Record extracts:
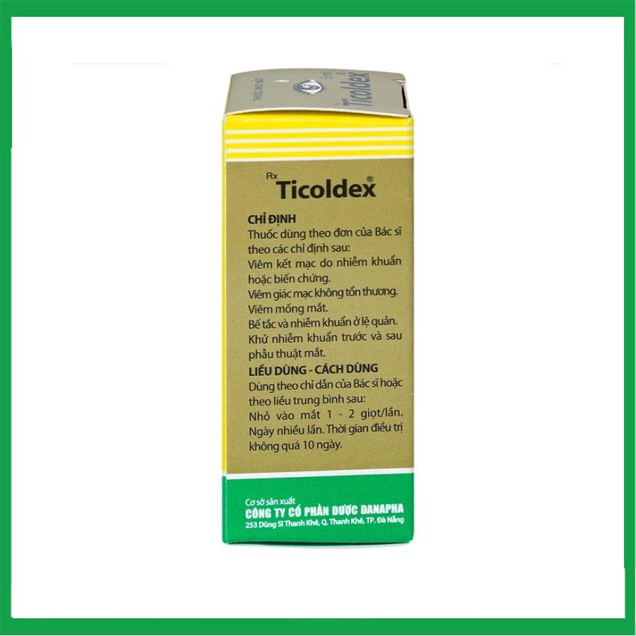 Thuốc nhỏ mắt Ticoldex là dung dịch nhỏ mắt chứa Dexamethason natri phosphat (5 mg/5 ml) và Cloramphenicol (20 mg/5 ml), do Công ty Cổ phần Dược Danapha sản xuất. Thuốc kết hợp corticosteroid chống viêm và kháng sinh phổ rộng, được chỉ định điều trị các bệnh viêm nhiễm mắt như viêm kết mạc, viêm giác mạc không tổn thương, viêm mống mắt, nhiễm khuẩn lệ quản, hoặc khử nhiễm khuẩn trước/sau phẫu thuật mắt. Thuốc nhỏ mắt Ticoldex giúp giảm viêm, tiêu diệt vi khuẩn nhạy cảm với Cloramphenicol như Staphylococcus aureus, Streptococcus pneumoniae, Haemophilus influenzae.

* * *

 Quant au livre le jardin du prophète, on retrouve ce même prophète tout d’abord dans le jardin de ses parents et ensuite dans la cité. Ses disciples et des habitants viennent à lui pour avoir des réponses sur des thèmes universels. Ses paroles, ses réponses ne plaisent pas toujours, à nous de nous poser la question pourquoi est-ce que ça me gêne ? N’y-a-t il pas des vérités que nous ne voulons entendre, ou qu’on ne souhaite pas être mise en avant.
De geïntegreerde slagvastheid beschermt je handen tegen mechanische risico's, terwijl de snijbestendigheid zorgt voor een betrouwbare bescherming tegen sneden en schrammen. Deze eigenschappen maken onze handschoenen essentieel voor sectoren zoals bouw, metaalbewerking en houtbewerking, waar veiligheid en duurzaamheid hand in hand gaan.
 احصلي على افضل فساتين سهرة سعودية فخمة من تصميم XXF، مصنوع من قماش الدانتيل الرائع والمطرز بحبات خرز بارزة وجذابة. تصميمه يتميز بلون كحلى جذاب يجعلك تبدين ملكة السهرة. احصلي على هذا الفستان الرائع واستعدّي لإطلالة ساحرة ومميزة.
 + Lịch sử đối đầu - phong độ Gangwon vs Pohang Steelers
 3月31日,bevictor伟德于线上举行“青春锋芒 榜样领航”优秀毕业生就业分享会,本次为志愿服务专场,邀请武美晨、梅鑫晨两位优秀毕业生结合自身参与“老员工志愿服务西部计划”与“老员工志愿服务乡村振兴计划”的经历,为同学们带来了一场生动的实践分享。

---

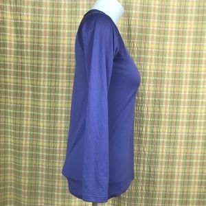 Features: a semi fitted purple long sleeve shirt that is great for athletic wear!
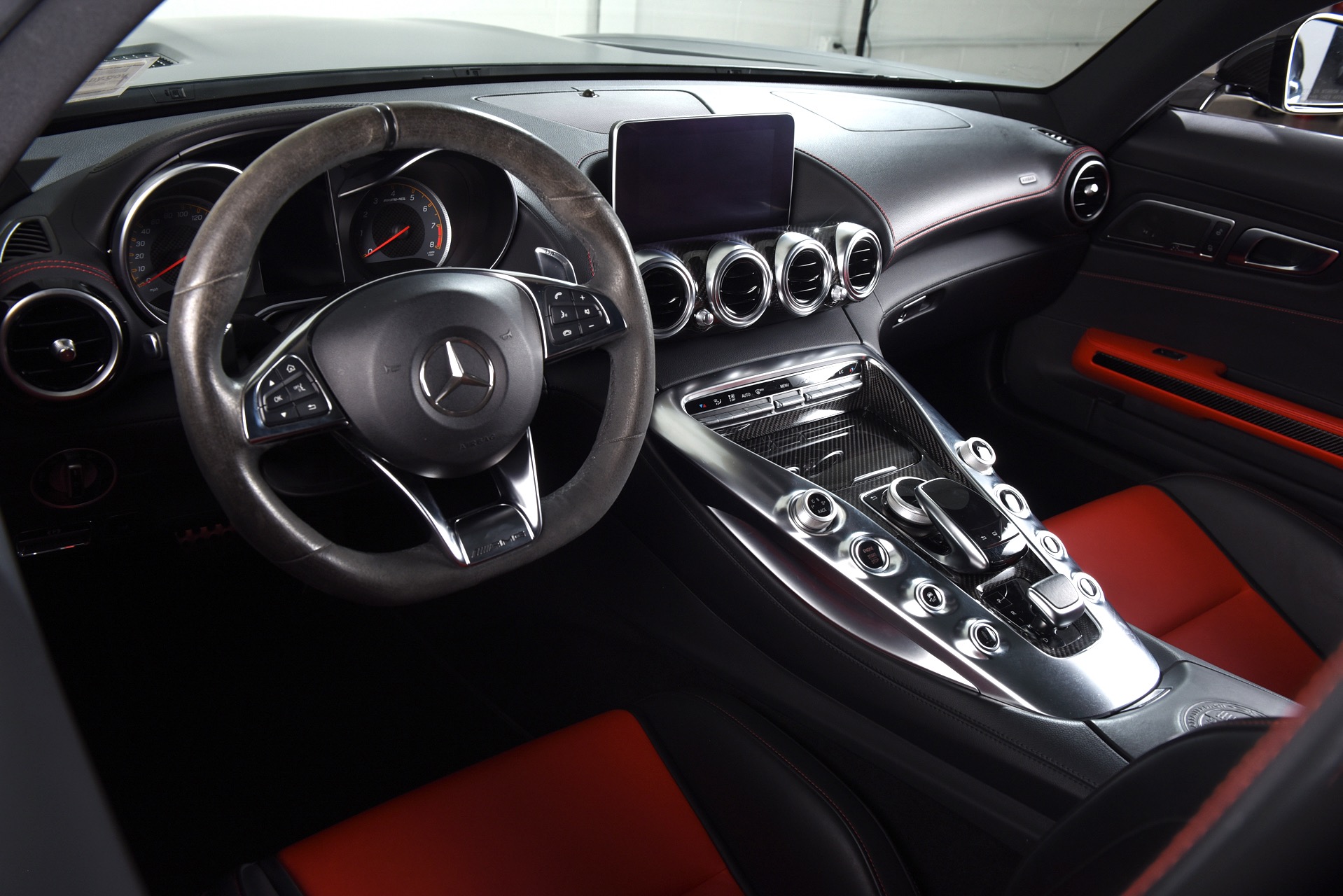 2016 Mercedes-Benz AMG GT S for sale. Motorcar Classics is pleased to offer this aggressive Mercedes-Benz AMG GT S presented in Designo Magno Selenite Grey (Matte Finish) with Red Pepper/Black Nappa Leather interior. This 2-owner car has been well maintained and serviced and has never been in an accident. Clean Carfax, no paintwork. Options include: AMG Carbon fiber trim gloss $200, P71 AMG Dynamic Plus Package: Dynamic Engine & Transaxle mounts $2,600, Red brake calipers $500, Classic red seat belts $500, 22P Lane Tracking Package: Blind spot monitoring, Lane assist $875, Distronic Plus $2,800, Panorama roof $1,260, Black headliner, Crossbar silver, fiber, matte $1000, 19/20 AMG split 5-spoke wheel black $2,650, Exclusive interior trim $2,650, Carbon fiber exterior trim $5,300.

Task brief: The answer is the run of lines above from the line containing "احصلي على افضل" through the line containing "3月31日,bevictor", copied exactly and alone.

Result for this exercise:
 احصلي على افضل فساتين سهرة سعودية فخمة من تصميم XXF، مصنوع من قماش الدانتيل الرائع والمطرز بحبات خرز بارزة وجذابة. تصميمه يتميز بلون كحلى جذاب يجعلك تبدين ملكة السهرة. احصلي على هذا الفستان الرائع واستعدّي لإطلالة ساحرة ومميزة.
 + Lịch sử đối đầu - phong độ Gangwon vs Pohang Steelers
 3月31日,bevictor伟德于线上举行“青春锋芒 榜样领航”优秀毕业生就业分享会,本次为志愿服务专场,邀请武美晨、梅鑫晨两位优秀毕业生结合自身参与“老员工志愿服务西部计划”与“老员工志愿服务乡村振兴计划”的经历,为同学们带来了一场生动的实践分享。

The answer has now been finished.